Re: survey of top web sites from David Dailey on 2007-04-25 (public-html@w3.org from April 2007)

From: David Dailey <david.dailey@sru.edu>
Date: Wed, 25 Apr 2007 12:05:24 -0400
To: Maciej Stachowiak <mjs@apple.com>,sean@elementary-group.com
Cc: Dan Connolly <connolly@w3.org>,public-html@w3.org
Message-Id: <6.2.5.6.1.20070425110307.01e2bf08@sru.edu>

At 10:30 PM 4/24/2007, Maciej Stachowiak wrote:

>Alexa is also believed to be a misleading indicator of overall 
>traffic in some cases. I have seen posts where people showed 
>internal server logs showing their traffic going up, even as Alexa 
>reported their traffic going down. I think it is still a useful 
>resource but we have to be aware that it might be non-representative 
>to a significant degree.

I agree. And furthermore...

Surveying the most popular sites (visits, links, duration of visits, 
familiar, ...) gives one view of HTML as it is practiced, by popular 
sites. It is natural to ask "are popular sites representative of the 
web as a whole?"

There are at least two differences between popular and "other" that 
we might expect: 1. popular sites are probably less likely to engage 
in "adventurous" behavior (unless you are one of the companies 
represented on W3C HTML WG of course) -- that is,  they are less 
likely to push frontiers and edges of use-cases. Too much is at stake 
to be very experimental 2. they are more likely to be coded well.
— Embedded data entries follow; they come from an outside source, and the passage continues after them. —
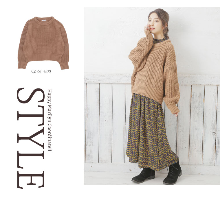 ざっくり編まれたデザインでこなれ感あるスタイルの完成!!ゆるっとシルエットで大人可愛くコーディネート
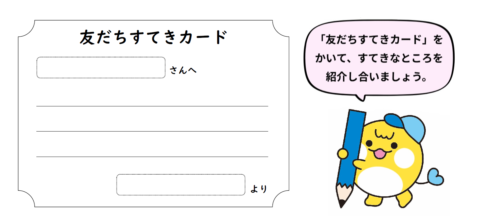 また、「友だちすてきカード」をたくさん受け取る子とそうでない子が出ることが考えられます。偏りが出ないように、「カードは同じグループの友だちに向けて書くようにする」などのルールを設定するなど配慮しましょう。
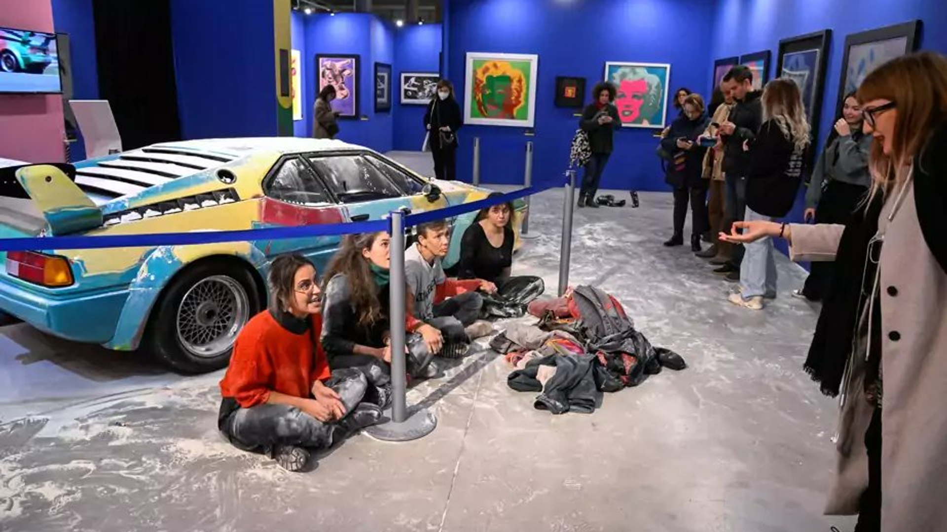 'Last Generation' grubundan dört aktivist, Warhol'un retrospektifine ev sahipliği yapan Fabbrica del Vapore kültür merkezinde sergilenen renkli 1979 model BMW M1 aracının üzerine sekiz kilo un döktü.
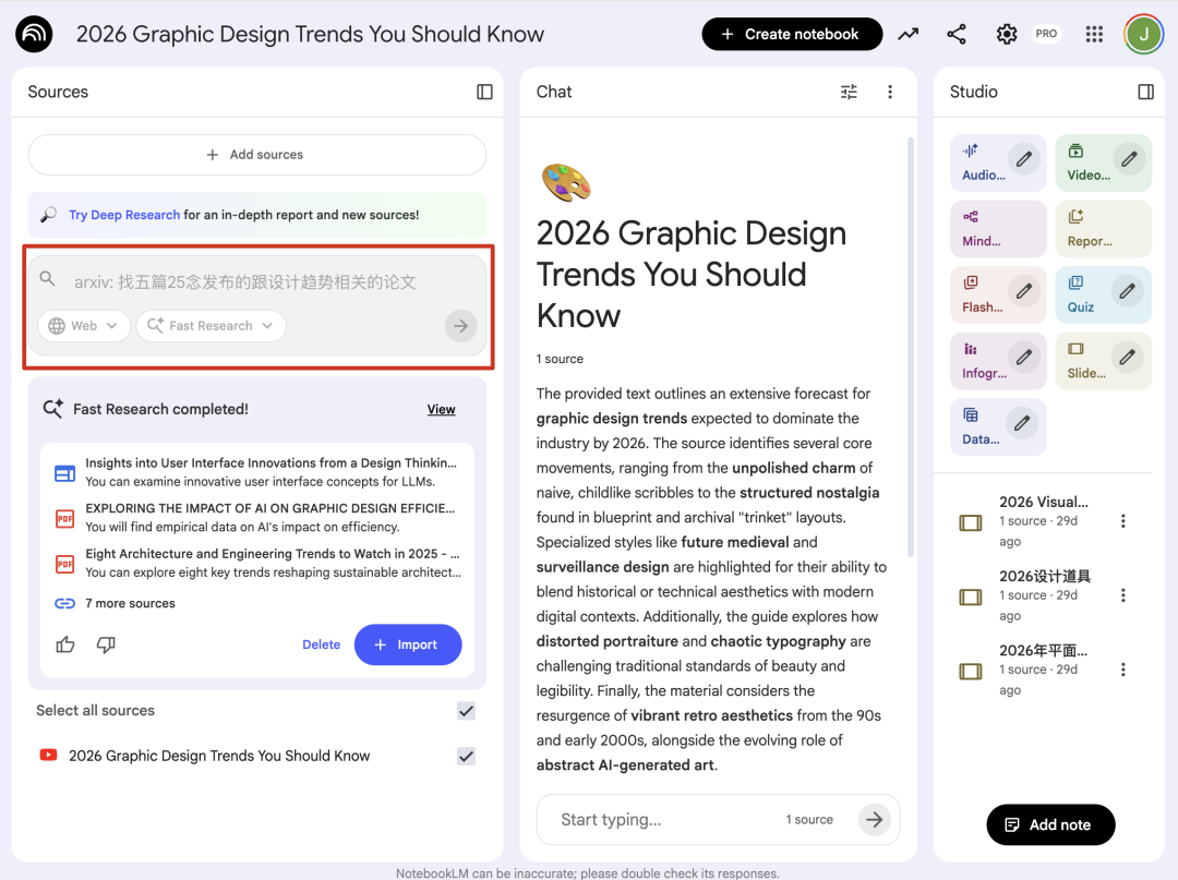 Fast Reserach不要直接问“2026设计趋势”,这样就跟我搜索引擎搜十个相关但没啥意义的网页放进来一个样,要加上指定信源,比方说arxiv,yt,google scholar

Limiting an investigation to those sorts of sites, might tend to give 
a false sense of security about just how robust the standards are, 
vis a vis, how many sites might fail.

In addition to these popular sites, those working on the survey might 
also want to consider accumulating a collection of outlier cases as well.

I suspect there are probably two Zipf laws at work (see 
http://en.wikipedia.org/wiki/Zipf's_law) : one concerning high 
frequency sites (the top 200 probably represent,  what, maybe  3% of 
over all web traffic? -- just a guess) -- the other Zipf concerning 
frequency of the use of certain features (over the combined 
vocabularies of HTML, CSS, JavaScript, and DOM).  Using, for example, 
input type=file  in conjunciton with image.onload to interrogate 
ranges of consecutively numbered files on the client's machine (which 
I think some folks are arguing should be broken) will not break many 
cases but it will break a few worthwhile instances.

In addition to the relatively homogeneous population of web sites 
found in the top 200 -- some additional methodologies might make 
sense: random sampling of web sites, quasi-random sampling of 
"interesting" web sites (such as afforded by Stumble Upon), 
collections of fringe cases. If anyone is interested, I've got some 
naughty fringe cases.

cheers,
David Dailey
http://srufaculty.sru.edu/david.dailey/javascript/JavaScriptTasks.htm

Received on Wednesday, 25 April 2007 16:05:37 UTC